Exercise aim
The full set of lines below has to be duplicated exactly, with no picture kept.

Dataset excerpt
━━━━

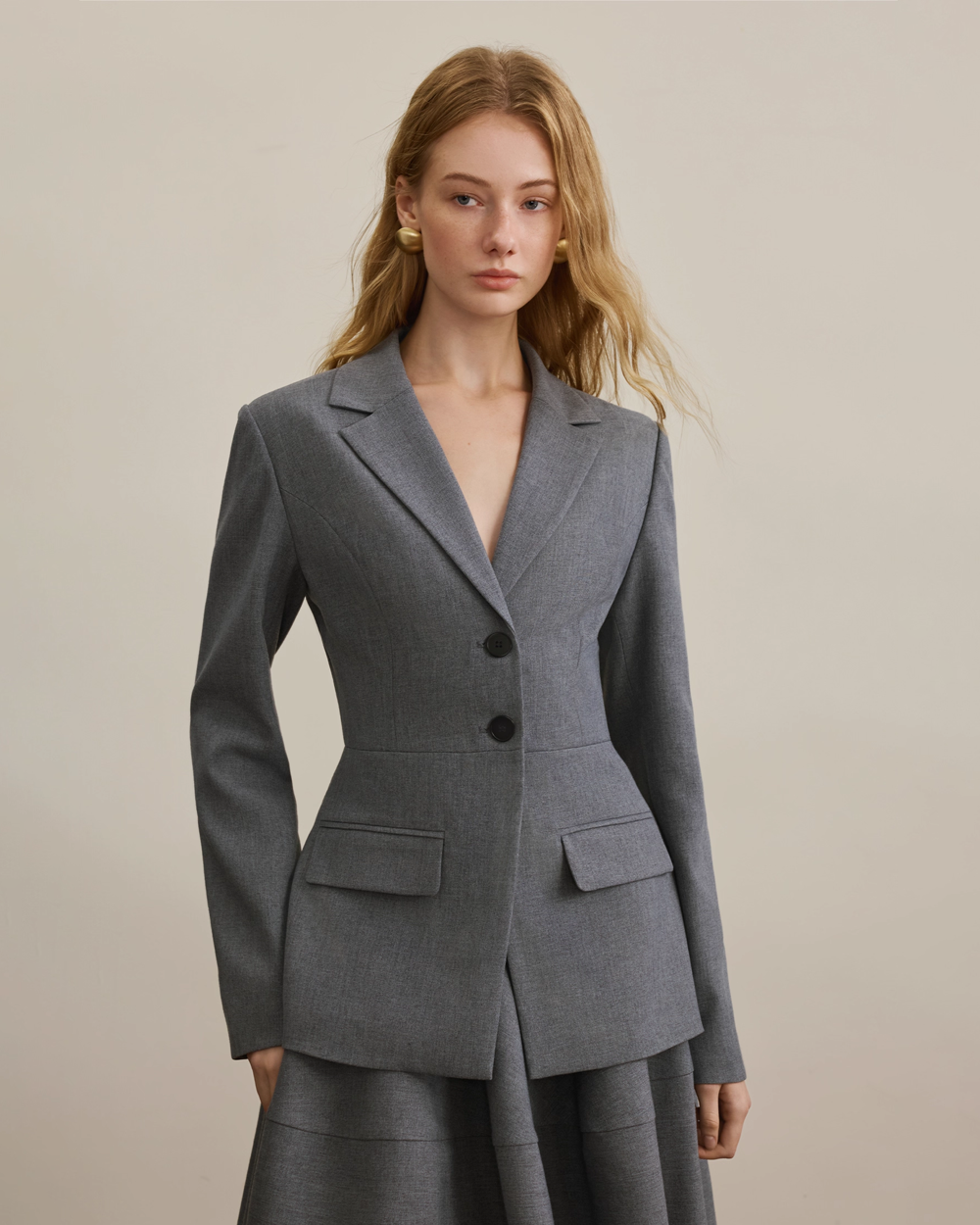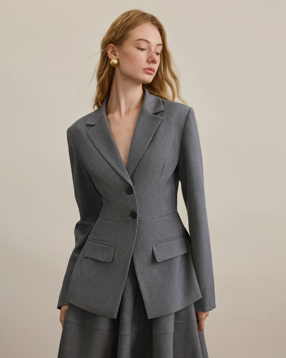 Structured waist blazer with a gentle hourglass cut; skirt drapes naturally for a smooth A-line flow. Choose your regular size for a sharp, feminine silhouette.
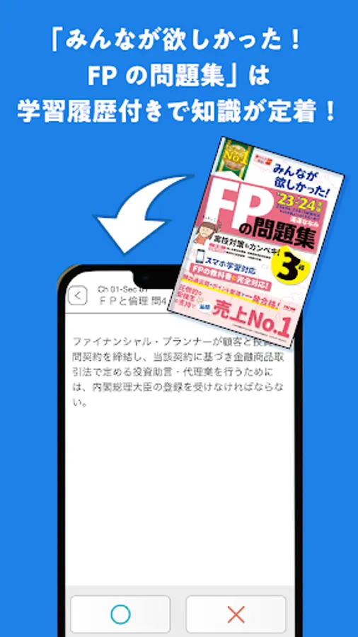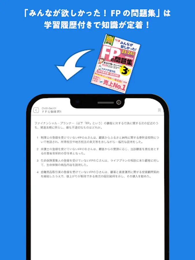 In this application, the number one sales book as a book for FP exam preparation "Everyone wanted! FP textbook 3rd grade", "Everyone wanted! FP problem collection 3rd grade" (TAC Publishing) "Department ” contains past question-based questions!
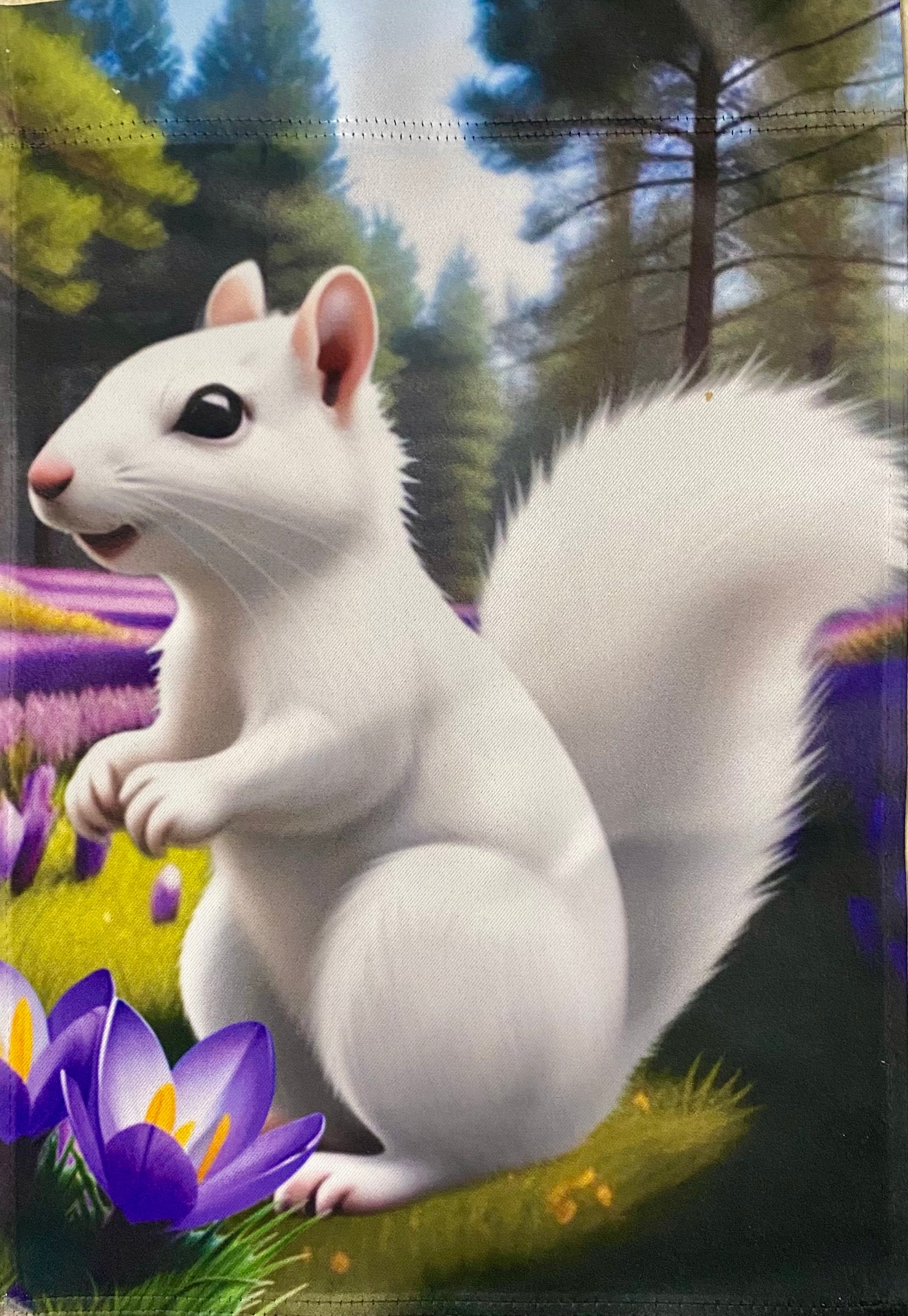 This two-sided garden flag measures 12.5" x 18". It's a close up of "Nutsy" the white squirrel who lives in Brevard. This photo was taken by White Squirrel Shoppe co-owner, Lorraine Skala.
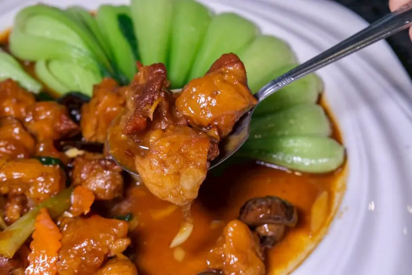 ▼讓人相當好奇的紅燒虎掌,其實就是紅燒豬腳肉,醬汁濃郁,入口即化,保留瘦肉與豬腳皮,咬起來多了豬皮的Q彈感!

━━━━

Response
 Structured waist blazer with a gentle hourglass cut; skirt drapes naturally for a smooth A-line flow. Choose your regular size for a sharp, feminine silhouette.
 In this application, the number one sales book as a book for FP exam preparation "Everyone wanted! FP textbook 3rd grade", "Everyone wanted! FP problem collection 3rd grade" (TAC Publishing) "Department ” contains past question-based questions!
 This two-sided garden flag measures 12.5" x 18". It's a close up of "Nutsy" the white squirrel who lives in Brevard. This photo was taken by White Squirrel Shoppe co-owner, Lorraine Skala.
 ▼讓人相當好奇的紅燒虎掌,其實就是紅燒豬腳肉,醬汁濃郁,入口即化,保留瘦肉與豬腳皮,咬起來多了豬皮的Q彈感!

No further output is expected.